— С весны третий год пошел, как мама умерла, — сказала Александра, смахивая с рамки невидимую пылинку. — Рак у нее был в пищеводе. Последние месяцы кроме молока душа ничего не принимала…
Я посмотрел на фотографию пожилой женщины с худощавым лицом, широко расставленными глазами и тонким носом. На мгновение сквозь черты «портрета» повеяло на меня тревожно знакомым. Но ощущение было мимолетным, не всколыхнувшим пласты памяти.

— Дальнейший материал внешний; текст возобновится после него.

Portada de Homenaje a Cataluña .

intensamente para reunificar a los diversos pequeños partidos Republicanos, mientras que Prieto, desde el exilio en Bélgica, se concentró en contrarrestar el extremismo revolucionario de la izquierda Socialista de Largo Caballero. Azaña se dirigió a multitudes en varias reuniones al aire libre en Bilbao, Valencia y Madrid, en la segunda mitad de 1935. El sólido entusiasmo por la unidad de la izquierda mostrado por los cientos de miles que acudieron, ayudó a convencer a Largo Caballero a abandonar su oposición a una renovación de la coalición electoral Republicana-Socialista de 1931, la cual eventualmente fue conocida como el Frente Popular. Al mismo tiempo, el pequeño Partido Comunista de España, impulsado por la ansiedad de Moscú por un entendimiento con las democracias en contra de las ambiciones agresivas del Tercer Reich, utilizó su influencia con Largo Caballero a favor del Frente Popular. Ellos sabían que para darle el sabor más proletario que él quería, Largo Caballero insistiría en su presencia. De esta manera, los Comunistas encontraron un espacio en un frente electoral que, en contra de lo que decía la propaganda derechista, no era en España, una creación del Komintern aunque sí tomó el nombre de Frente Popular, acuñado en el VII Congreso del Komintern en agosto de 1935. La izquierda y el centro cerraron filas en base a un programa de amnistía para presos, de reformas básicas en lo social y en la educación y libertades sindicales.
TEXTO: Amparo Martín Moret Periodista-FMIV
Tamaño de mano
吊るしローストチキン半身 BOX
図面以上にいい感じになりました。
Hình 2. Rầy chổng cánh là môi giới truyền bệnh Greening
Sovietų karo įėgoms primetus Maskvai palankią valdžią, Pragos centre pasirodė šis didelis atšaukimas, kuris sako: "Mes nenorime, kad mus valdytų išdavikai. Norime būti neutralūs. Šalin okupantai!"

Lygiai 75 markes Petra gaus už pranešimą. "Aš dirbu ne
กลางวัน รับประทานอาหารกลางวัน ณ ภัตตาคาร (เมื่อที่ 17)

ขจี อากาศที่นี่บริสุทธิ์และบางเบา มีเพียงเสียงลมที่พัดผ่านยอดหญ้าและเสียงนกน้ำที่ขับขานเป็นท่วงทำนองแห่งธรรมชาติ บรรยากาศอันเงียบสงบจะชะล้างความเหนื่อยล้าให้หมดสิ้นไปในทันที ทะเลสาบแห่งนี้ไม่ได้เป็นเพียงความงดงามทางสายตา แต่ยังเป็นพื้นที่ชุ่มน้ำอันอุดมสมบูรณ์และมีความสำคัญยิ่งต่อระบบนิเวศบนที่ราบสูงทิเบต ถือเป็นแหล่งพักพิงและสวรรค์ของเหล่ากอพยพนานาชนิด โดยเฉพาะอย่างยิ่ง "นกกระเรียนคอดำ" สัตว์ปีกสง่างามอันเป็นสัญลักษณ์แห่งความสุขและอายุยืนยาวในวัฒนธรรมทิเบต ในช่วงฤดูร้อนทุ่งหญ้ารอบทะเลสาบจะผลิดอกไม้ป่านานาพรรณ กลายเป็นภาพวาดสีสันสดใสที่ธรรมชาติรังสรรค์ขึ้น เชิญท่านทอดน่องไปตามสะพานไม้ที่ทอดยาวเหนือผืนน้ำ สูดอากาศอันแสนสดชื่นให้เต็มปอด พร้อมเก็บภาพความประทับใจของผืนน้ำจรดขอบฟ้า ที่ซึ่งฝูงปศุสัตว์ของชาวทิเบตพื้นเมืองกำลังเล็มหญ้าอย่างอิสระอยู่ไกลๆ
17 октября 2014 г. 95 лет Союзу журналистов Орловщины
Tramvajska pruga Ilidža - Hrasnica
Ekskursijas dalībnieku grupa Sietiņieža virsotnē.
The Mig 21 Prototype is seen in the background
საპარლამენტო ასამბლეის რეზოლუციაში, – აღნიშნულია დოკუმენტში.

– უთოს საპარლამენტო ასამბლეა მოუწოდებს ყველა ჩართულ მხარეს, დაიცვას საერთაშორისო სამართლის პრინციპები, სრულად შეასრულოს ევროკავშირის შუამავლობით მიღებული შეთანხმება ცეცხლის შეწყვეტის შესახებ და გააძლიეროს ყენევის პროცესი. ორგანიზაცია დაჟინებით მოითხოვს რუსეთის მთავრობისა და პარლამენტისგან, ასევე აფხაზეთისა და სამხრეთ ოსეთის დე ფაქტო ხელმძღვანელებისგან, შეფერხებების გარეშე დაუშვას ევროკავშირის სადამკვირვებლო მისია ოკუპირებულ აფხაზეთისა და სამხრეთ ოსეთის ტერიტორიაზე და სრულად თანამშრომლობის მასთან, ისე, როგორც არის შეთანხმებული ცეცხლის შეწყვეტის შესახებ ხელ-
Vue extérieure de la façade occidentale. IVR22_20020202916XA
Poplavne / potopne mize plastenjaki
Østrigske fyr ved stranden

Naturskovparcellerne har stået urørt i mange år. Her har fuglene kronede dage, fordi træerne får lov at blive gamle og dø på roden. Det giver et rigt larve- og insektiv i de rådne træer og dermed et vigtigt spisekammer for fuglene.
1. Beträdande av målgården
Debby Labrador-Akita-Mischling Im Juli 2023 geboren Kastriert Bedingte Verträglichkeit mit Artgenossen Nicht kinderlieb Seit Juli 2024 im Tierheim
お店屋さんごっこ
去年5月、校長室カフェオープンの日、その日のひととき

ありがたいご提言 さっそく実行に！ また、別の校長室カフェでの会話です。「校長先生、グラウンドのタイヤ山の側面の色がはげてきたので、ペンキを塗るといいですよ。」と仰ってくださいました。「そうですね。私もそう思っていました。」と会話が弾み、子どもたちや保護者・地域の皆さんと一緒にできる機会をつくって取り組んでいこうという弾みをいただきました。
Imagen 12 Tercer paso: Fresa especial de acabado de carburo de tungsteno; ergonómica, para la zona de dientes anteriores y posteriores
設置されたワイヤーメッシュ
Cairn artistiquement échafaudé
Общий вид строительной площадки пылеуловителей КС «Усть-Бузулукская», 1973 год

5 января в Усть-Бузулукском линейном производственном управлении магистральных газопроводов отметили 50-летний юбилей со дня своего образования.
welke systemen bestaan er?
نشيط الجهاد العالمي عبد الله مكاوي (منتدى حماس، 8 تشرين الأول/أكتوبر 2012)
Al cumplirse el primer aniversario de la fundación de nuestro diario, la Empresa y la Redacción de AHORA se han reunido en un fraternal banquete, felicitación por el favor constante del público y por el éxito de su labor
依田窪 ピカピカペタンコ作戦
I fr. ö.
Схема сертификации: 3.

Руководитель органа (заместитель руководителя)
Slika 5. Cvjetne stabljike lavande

— Мама тоже дояркой работала… Она меня к этому делу и приохотила… После семилетки я пошла на ферму и с тех пор все там. Пятнадцать лет с утра до вечера верчусь. Смешно сказать, а колхозных коров лучше, чем односельчан, знаю. Грамоты вон за работу выдают, места на стене уже не хватает. Мама две медали с выставки заработала. Другому бы наверняка орден выдали, а ей…
Александра вдруг осеклась, словно испугавшись, что наговорила лишнего приезжему, незнакомому человеку, и я невольно вспомнил странный разговор председателя с заведующим клубом. Но задавать вопросы было не в моих правилах. Если нужно, человек сам расскажет, а если промолчит, значит, дело такое, что совать в него нос другим не следует. Однако любопытство мое разогревалось и я еще раз, уже внимательнее, поглядел на «портрет». Но похожесть, как было при первом взгляде, меня теперь не потревожила.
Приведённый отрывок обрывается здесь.